[Python-Dev] PEP 203 Augmented Assignment
Guido van Rossum
guido@beopen.com
Fri, 28 Jul 2000 10:05:48 -0500
> Since we're at it, it's worth mentioning another conclusion we came across
> at the time: the cache effects in the main loop are significant -- it is
> more important to try keeping at best the main loop small enough, so that
> those effects are minimized.
Yes, that's what Tim keeps hammering on too.
> An experiment I did at the time which gave some delta-speedup:
> I folded most of the UNOP & BINOP opcodes since they differ only by the
> functon they call and they duplicate most of the opcode body. Like this:
[...]
> This reduced the code size of ceval.c, which resulted in less cache effects
> and gave more speed, despite the additional jumps. It possibly results in
> less page-faults too, although this is unlikely.
I expect this is wholly attributable to the reduced code size. Most
binary operators aren't used frequently enough to make a difference in
other ways. If you put the common code at the end of the code for
binary '+', that would optimize the most common operator.

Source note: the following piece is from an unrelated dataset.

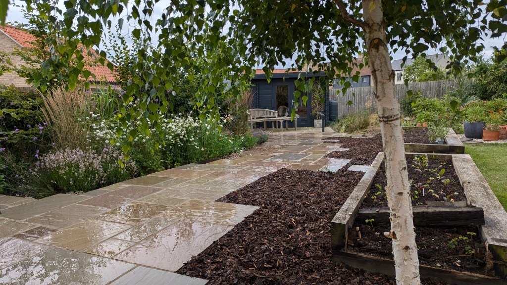 We designed and installed this mixed size sandstone paving to create a meandering pathway leading through to a garden studio. We call it hit ‘n’ miss style. Our garden maintenance team will be planting up the extended borders throughout the year to really bring this design to life

> Which makes me think that, if we want to do something about cache effects,
> it is probably not a bad idea to just "reorder" the bytecodes in the big
> switch by decreasing frequency (we have some stats about this -- I believe
> Skip and MAL have discussed the opcodes' frequency and the charts lie
> somewhere in the archives). I remember Marc-Andre had done something in
> this direction and reported some perf improvements too. Since reordering
> the opcodes doesn't really hurt, if I'm about to do something with the
> main loop, it'll be only this.
Go for it -- sounds good!
--Guido van Rossum (home page: http://www.pythonlabs.com/~guido/)